I have created my own RL environment where I have a 2-dimensional matrix as a state space, the rows represent the users that are asking for a service, and 3 columns representing 3 types of users; so if a user U0 is of type 1 is asking for a service, then the first row would be (0, 1, 0) (first column is type 0, second is type 1...).
The state space values are randomly generated each episode.
I also have an action space, representing which resources were allocated to which users. The action space is a 2-dimensional matrix, the rows being the resources that the agent has, and the columns represent the users. So, suppose we have 5 users and 6 resources, if user 1 was allocated resource 2, then the 3rd line would be like this: ('Z': a value zero was chosen, 'O': a value one was chosen) (Z, O, Z, Z, Z)

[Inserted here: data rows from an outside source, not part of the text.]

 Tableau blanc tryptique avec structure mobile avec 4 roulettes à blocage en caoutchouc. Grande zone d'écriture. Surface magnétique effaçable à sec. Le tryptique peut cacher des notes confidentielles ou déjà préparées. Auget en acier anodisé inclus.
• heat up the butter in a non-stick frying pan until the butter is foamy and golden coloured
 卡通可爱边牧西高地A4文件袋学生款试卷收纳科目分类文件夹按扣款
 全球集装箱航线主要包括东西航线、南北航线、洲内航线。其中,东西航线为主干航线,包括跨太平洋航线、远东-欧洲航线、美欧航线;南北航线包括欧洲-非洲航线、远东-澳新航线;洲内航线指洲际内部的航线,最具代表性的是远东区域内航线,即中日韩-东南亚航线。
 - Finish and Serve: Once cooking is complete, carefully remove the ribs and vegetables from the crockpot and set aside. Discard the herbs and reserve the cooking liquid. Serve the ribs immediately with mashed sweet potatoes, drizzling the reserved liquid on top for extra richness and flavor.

The possible actions are a list of tuples, the length of the list is equal to the number of users + 1, and the length of each tuple is equal to the number of users. Each tuple has one column set to 'O', and the rest to 'Z'. (Each resource can be allocated to one user only). So the number of the tuples that have one column = 'O', is equal to the number of users, and then there is one tuple that has all columns set to 'Z', which means that the resource was not allocated to any users.

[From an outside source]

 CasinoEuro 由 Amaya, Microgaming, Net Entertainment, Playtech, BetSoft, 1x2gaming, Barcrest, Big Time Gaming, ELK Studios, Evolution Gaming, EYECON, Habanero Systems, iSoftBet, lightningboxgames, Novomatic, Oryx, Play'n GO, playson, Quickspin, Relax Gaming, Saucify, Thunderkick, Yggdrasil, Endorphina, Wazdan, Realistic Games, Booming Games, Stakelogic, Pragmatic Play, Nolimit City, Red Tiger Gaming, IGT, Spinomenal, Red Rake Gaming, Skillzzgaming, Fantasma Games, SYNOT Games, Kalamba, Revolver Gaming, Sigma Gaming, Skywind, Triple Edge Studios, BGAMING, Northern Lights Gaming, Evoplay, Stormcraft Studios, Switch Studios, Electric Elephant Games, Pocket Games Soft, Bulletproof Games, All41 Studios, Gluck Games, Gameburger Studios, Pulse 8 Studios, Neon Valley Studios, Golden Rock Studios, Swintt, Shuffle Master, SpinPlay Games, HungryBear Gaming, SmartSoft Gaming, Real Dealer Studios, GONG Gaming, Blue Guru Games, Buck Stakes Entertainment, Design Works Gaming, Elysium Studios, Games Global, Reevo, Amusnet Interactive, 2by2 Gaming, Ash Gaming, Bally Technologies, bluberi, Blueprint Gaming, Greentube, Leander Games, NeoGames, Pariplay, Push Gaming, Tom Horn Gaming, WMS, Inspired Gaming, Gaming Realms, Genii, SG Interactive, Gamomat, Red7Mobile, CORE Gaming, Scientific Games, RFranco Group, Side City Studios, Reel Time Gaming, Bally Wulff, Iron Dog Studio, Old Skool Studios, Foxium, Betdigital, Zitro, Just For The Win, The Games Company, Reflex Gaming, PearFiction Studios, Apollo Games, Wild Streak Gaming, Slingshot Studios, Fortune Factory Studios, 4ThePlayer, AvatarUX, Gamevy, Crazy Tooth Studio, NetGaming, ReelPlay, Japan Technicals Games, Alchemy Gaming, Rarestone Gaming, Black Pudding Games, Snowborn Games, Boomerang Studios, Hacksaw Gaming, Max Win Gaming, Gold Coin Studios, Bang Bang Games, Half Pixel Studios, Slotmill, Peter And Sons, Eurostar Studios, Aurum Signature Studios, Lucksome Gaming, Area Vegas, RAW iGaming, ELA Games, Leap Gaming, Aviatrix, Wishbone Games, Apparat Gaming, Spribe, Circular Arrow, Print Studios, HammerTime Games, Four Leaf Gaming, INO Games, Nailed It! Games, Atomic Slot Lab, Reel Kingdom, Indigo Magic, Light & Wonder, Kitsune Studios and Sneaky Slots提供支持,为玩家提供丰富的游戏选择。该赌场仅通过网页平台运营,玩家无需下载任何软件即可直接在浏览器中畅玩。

Now, when the agent chooses the action, for the first resource it picks an action from the full list of possible action, then for the second resource, the action previously chosen is removed from the possible actions, so it chooses from the actions left, and so on and so forth; and that's because each user can be allocated one resource only. The action tuple with all 'Z' can always be chosen.
When the agent allocates a resource to a user that didn't request a service, a penalty is given (varies with the number of users that didn't ask for a service but were allocated a resource), otherwise, a reward is given (also varies depending on the number of users that were satisfied).
The problem is, the agent always tends to pick the same actions, and those actions are the tuple with all 'Z' for all the users. I tried to play with the q_values initial values; q_values is a dictionary with 2 keys: 1st key: the state being a tuple representing each possible state from the state space, meaning (0, 0, 0) & (1, 0, 0) & (0, 1, 0) & (0, 0, 1), combined with each action from the possible actions list. I also tried different learning_rate values, different penalties and rewards etc. But it always does the same thing.